→ **ABOUT THIS EXERCISE**
Leave the pictures out and reproduce, exactly, the lines from the one with "求人の媒体や広告ごとに行って" through the end of the entries below.

→ **DATA UNDER STUDY**
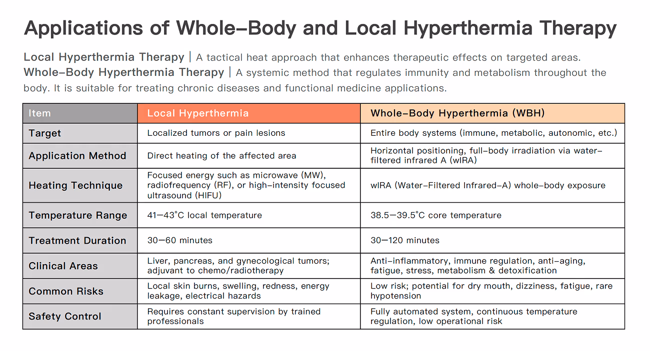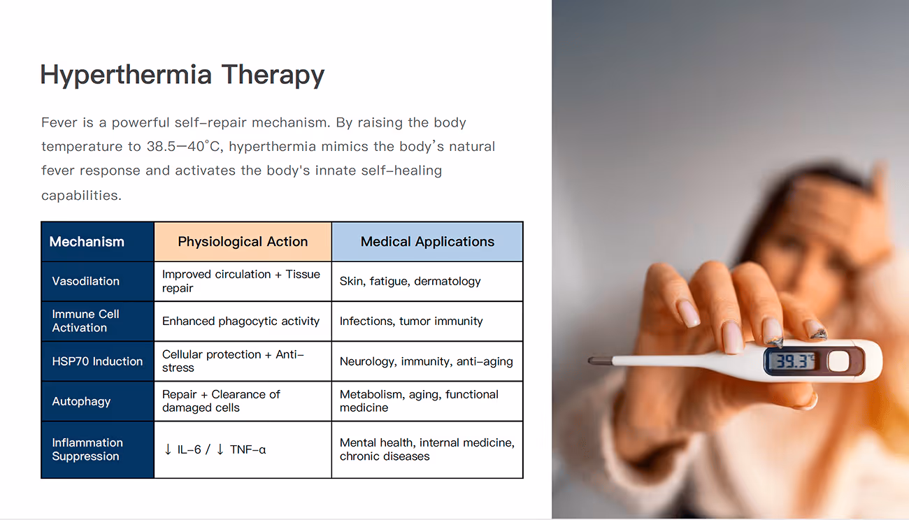 Hyperthermia Treatment gently warms your body to around 38.5–39.5°C, similar to a natural fever. This mild, safe heat:
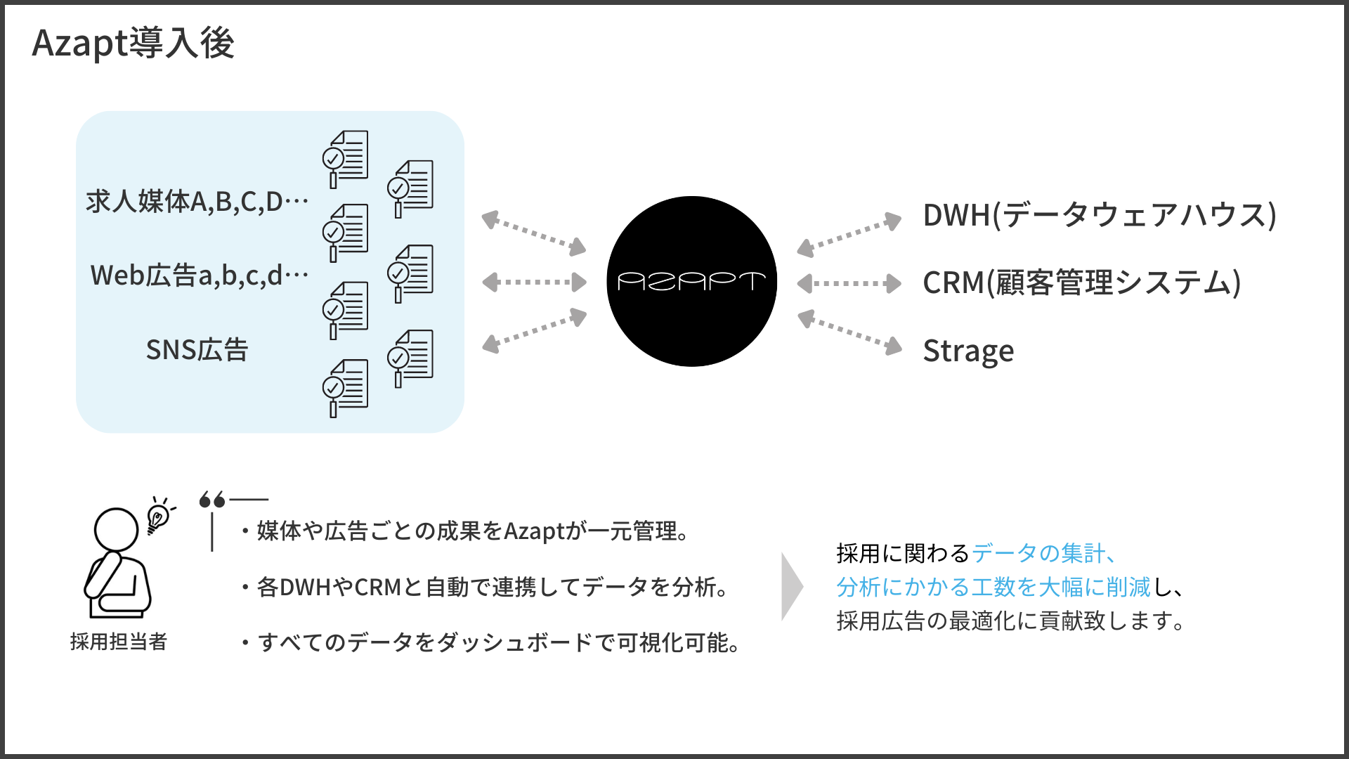 求人の媒体や広告ごとに行っていた採用コストと成果を『Azapt』にて集約、各CRMツールとも連携を図りつつ、データ可視化のサポートをいたします。
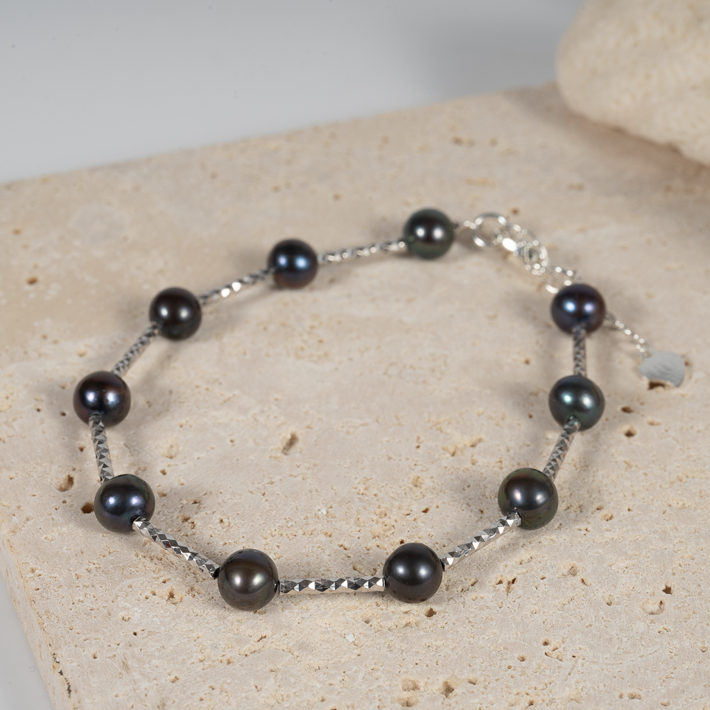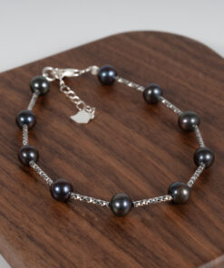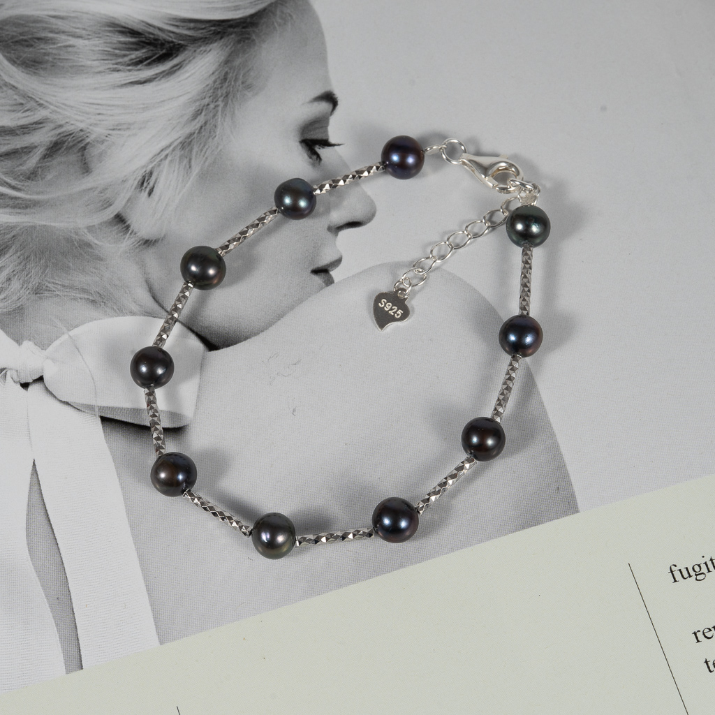 Lắc Tay Bạc Ngọc Trai Đen Cách Hạt BC1049
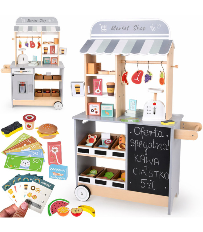 medinė vaikų parduotuvė vaikams – tai kūrybiškas ir įtraukiantis žaidimų rinkinys, leidžiantis vaikui kasdienes situacijas perkelti į žaidimų pasaulį. Žaisdamas parduotuvę vaikas gali skenuoti prekes, jas parduoti, aptarnauti klientus, sverti vaisius ir daržoves, priimti mokėjimus bei atiduoti grąžą. Toks žaidimas ne tik suteikia daug džiaugsmo, bet ir padeda mokytis per smagią veiklą.
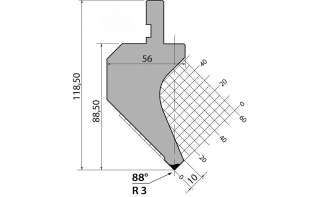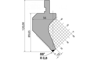 Н (высота), 135. Радиус гиба, 0.8. Градус гиба, 85. Тоннаж, 500. Материал, C45:560-710 N/mm².
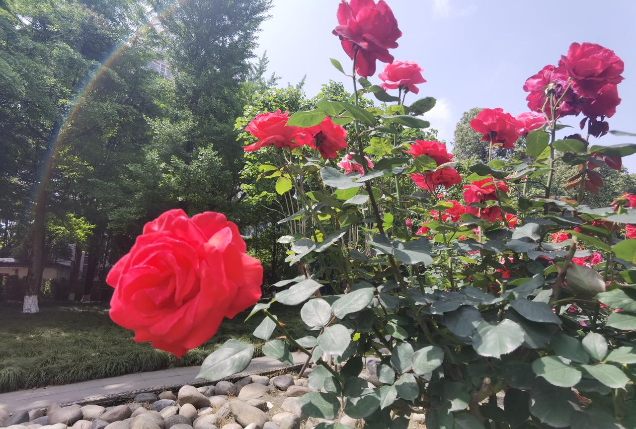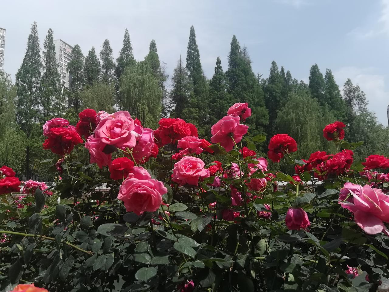 仲春四月的温江公园,满眼是绚丽的花海。我信步来到玫瑰园中,见千余种玫瑰花🌹竞相绽放,便高兴的在花香弥漫的花丛中拍照打卡。
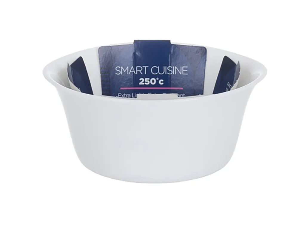 Белая формочка для запекания Smart Cuisine из жаропрочного стекла. Она небольшого размера, подходит для приготовления жульенов, кексов, порционных запеканок. Формочку можно ставить на стол прямо из духовки, как обычную посуду. Выдерживает температуру до 250 С. Можно мыть в посудомоечной машине.

→ **RESPONSE BOX**
 求人の媒体や広告ごとに行っていた採用コストと成果を『Azapt』にて集約、各CRMツールとも連携を図りつつ、データ可視化のサポートをいたします。
 Lắc Tay Bạc Ngọc Trai Đen Cách Hạt BC1049
 medinė vaikų parduotuvė vaikams – tai kūrybiškas ir įtraukiantis žaidimų rinkinys, leidžiantis vaikui kasdienes situacijas perkelti į žaidimų pasaulį. Žaisdamas parduotuvę vaikas gali skenuoti prekes, jas parduoti, aptarnauti klientus, sverti vaisius ir daržoves, priimti mokėjimus bei atiduoti grąžą. Toks žaidimas ne tik suteikia daug džiaugsmo, bet ir padeda mokytis per smagią veiklą.
 Н (высота), 135. Радиус гиба, 0.8. Градус гиба, 85. Тоннаж, 500. Материал, C45:560-710 N/mm².
 仲春四月的温江公园,满眼是绚丽的花海。我信步来到玫瑰园中,见千余种玫瑰花🌹竞相绽放,便高兴的在花香弥漫的花丛中拍照打卡。
 Белая формочка для запекания Smart Cuisine из жаропрочного стекла. Она небольшого размера, подходит для приготовления жульенов, кексов, порционных запеканок. Формочку можно ставить на стол прямо из духовки, как обычную посуду. Выдерживает температуру до 250 С. Можно мыть в посудомоечной машине.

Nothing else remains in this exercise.